Start of Given records

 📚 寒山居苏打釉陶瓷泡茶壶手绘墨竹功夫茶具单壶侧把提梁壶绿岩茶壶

End of Given records
Start of Given records

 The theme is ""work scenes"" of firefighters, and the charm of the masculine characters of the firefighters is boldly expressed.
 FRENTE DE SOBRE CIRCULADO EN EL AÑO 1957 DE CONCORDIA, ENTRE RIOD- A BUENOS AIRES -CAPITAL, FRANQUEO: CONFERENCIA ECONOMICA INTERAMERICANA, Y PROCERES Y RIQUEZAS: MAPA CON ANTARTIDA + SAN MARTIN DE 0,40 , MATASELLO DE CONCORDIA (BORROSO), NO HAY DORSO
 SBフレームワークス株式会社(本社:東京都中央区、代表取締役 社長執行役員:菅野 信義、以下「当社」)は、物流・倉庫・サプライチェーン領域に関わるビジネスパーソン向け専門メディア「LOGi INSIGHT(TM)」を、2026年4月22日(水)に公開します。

End of Given records

Using the data above, transcribe the lines that run from the line with "The theme is" to the line with "FRENTE DE SOBRE", both ends kept, and output nothing else.

--- Result ---
 The theme is ""work scenes"" of firefighters, and the charm of the masculine characters of the firefighters is boldly expressed.
 FRENTE DE SOBRE CIRCULADO EN EL AÑO 1957 DE CONCORDIA, ENTRE RIOD- A BUENOS AIRES -CAPITAL, FRANQUEO: CONFERENCIA ECONOMICA INTERAMERICANA, Y PROCERES Y RIQUEZAS: MAPA CON ANTARTIDA + SAN MARTIN DE 0,40 , MATASELLO DE CONCORDIA (BORROSO), NO HAY DORSO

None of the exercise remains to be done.